**EXERCISE DATA:**
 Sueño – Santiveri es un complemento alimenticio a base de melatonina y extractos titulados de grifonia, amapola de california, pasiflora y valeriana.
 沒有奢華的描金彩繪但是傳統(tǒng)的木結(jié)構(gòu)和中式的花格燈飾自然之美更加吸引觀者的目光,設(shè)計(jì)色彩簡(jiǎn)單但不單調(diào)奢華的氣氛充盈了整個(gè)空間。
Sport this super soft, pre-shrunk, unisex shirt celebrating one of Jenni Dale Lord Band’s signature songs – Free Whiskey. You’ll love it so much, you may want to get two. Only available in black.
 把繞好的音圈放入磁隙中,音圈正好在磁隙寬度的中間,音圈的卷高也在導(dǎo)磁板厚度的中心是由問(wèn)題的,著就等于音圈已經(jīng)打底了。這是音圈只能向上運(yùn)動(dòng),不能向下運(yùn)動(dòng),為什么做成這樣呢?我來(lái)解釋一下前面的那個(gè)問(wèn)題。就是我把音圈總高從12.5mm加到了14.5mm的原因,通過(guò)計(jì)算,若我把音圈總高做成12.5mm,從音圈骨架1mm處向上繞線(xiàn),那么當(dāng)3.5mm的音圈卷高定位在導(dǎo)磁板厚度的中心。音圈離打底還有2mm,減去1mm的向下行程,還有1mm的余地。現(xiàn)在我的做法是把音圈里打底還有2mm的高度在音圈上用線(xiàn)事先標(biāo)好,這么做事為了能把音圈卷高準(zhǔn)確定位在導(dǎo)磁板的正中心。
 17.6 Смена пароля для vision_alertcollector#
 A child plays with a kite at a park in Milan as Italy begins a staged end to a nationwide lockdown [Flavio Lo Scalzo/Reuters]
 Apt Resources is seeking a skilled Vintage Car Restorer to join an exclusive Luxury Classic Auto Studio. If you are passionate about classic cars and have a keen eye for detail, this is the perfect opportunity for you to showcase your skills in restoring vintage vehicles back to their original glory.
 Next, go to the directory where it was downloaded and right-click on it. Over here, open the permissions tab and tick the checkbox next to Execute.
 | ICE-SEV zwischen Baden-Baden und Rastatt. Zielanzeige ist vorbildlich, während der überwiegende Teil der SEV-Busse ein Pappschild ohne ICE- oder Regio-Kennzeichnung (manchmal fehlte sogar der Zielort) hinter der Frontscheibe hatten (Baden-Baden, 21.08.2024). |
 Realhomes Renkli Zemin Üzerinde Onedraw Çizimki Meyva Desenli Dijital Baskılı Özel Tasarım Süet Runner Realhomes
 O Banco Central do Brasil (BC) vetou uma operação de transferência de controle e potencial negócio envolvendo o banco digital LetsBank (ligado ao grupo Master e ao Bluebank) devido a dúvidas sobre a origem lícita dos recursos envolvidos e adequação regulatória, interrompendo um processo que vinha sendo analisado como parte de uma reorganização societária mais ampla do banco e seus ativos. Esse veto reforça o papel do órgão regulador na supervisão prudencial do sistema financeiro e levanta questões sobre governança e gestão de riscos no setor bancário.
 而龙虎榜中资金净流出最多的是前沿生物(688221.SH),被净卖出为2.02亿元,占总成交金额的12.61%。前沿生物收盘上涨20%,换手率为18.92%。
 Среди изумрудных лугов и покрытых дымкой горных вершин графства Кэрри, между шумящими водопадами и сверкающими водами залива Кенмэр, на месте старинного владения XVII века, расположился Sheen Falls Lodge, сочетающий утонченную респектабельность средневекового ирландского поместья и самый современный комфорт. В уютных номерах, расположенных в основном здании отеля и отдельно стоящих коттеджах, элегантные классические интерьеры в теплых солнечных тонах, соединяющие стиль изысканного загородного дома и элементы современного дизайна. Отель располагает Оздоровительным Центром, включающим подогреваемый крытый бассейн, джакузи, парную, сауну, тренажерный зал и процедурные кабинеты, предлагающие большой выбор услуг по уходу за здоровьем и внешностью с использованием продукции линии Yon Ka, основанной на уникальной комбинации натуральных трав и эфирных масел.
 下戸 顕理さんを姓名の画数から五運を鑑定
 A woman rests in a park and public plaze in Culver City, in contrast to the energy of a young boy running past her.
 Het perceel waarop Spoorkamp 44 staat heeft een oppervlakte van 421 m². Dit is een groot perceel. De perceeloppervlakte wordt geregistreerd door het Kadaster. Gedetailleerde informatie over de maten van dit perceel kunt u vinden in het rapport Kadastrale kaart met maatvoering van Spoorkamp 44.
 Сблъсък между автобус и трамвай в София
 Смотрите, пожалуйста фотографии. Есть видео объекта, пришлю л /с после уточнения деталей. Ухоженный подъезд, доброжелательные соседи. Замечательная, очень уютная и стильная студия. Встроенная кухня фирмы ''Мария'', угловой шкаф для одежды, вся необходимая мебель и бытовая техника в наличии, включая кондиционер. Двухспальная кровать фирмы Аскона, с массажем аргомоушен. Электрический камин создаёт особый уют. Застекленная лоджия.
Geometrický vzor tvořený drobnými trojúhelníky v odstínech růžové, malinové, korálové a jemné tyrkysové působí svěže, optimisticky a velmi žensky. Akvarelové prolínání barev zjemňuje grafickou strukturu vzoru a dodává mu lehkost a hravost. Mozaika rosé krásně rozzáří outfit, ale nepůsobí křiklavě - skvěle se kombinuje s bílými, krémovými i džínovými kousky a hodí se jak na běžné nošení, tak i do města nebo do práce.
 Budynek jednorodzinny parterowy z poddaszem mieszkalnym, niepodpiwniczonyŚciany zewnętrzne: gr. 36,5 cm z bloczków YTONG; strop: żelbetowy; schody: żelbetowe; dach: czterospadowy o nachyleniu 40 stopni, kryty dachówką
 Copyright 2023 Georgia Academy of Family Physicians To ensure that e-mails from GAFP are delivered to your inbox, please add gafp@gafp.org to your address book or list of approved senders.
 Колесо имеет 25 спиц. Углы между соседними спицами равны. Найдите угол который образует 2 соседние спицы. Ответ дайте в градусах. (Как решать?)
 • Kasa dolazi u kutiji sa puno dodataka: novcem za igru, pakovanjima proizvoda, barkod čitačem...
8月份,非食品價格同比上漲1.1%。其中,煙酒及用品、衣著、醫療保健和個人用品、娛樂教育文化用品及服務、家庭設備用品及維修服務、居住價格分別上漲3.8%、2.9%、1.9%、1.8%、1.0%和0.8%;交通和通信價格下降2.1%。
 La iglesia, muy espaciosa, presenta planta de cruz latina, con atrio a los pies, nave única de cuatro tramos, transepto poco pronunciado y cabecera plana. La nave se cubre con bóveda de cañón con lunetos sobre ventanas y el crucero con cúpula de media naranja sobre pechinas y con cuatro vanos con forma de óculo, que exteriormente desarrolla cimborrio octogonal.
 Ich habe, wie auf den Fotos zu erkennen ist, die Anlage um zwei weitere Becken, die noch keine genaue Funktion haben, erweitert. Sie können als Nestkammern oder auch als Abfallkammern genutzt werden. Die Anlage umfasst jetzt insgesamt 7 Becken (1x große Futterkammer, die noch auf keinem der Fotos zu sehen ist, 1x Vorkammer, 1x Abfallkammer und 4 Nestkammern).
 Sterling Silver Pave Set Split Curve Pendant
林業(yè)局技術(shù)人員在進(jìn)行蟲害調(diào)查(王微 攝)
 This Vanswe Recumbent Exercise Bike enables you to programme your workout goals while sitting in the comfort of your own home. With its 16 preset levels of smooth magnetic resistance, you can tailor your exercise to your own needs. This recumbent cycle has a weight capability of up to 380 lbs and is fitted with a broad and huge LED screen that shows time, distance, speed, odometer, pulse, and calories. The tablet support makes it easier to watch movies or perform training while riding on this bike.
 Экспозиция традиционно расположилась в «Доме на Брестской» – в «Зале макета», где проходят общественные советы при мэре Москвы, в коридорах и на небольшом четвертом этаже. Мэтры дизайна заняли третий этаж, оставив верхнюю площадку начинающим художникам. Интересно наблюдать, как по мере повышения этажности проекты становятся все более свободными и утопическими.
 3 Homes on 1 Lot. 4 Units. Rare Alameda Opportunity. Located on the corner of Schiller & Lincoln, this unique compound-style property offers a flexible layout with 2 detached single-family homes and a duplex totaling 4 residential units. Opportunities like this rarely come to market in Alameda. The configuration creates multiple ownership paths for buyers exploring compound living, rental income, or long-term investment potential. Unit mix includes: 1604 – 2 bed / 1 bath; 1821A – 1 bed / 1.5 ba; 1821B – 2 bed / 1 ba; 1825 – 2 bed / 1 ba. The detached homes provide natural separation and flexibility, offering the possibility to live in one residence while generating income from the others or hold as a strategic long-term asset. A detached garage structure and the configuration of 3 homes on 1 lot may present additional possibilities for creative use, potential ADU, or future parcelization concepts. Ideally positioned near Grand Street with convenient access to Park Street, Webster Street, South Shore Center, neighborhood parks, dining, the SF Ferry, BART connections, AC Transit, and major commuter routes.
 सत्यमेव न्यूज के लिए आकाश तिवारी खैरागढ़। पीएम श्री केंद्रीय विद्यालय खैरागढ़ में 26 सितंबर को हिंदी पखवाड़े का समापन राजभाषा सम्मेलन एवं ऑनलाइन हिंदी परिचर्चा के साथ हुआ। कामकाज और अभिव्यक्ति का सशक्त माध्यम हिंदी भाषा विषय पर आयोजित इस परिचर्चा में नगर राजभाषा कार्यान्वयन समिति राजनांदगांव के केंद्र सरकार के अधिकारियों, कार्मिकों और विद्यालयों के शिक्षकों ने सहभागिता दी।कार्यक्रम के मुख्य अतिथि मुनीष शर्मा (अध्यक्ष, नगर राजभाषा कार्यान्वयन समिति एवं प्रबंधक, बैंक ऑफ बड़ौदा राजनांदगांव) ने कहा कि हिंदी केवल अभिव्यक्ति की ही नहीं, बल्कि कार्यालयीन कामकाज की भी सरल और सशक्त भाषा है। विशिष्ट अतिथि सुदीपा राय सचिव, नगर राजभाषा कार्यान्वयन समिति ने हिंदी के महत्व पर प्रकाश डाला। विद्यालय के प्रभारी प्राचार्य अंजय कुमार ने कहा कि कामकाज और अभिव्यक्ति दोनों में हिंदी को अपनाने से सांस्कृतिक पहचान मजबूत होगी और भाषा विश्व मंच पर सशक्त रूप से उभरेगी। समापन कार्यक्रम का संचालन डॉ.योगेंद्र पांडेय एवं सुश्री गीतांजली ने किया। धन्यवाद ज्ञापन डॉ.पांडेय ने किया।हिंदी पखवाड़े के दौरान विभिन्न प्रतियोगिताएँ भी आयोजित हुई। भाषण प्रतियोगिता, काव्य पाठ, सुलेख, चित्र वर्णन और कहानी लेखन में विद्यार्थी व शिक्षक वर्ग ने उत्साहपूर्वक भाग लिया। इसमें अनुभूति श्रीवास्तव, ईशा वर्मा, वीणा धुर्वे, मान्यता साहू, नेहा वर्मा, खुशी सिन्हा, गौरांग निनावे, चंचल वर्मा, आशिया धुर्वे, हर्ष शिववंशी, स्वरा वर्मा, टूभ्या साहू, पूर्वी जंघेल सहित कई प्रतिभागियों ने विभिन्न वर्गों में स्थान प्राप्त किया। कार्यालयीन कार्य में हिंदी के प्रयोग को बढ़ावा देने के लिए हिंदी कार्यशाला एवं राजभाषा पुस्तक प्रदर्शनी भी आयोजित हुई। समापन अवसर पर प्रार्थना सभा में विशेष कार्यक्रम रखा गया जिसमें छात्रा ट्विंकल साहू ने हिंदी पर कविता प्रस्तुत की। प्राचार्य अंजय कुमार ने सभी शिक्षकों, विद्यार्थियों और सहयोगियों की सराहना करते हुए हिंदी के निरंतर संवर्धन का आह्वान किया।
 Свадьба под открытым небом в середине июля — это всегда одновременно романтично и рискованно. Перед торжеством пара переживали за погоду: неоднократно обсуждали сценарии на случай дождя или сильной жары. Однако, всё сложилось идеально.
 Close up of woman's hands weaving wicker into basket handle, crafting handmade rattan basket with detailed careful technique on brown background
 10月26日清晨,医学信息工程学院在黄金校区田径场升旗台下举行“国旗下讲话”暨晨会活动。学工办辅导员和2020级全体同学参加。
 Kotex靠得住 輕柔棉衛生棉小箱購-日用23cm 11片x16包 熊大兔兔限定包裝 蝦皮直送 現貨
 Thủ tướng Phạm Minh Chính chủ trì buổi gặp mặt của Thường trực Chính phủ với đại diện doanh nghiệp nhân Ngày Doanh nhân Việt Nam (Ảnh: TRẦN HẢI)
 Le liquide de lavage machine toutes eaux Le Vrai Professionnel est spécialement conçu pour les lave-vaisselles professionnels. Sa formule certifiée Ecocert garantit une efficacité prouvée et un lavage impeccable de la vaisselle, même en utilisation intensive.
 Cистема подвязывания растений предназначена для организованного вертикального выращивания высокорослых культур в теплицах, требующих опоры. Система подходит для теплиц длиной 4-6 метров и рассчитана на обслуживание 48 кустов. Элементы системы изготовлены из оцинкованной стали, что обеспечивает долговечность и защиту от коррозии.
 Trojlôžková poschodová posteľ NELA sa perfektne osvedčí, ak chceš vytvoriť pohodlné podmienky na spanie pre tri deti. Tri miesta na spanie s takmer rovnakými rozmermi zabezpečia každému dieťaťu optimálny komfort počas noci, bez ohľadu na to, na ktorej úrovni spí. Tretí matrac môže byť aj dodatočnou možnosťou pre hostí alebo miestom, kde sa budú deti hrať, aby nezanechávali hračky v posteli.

**HOW TO COMPLETE THIS TASK:**
Start at the first line of the entries and stop at the line with "沒有奢華的描金彩繪但是傳統(tǒng)的". Retype each of those lines exactly, both ends included.

**ANSWER SECTION:**
 Sueño – Santiveri es un complemento alimenticio a base de melatonina y extractos titulados de grifonia, amapola de california, pasiflora y valeriana.
 沒有奢華的描金彩繪但是傳統(tǒng)的木結(jié)構(gòu)和中式的花格燈飾自然之美更加吸引觀者的目光,設(shè)計(jì)色彩簡(jiǎn)單但不單調(diào)奢華的氣氛充盈了整個(gè)空間。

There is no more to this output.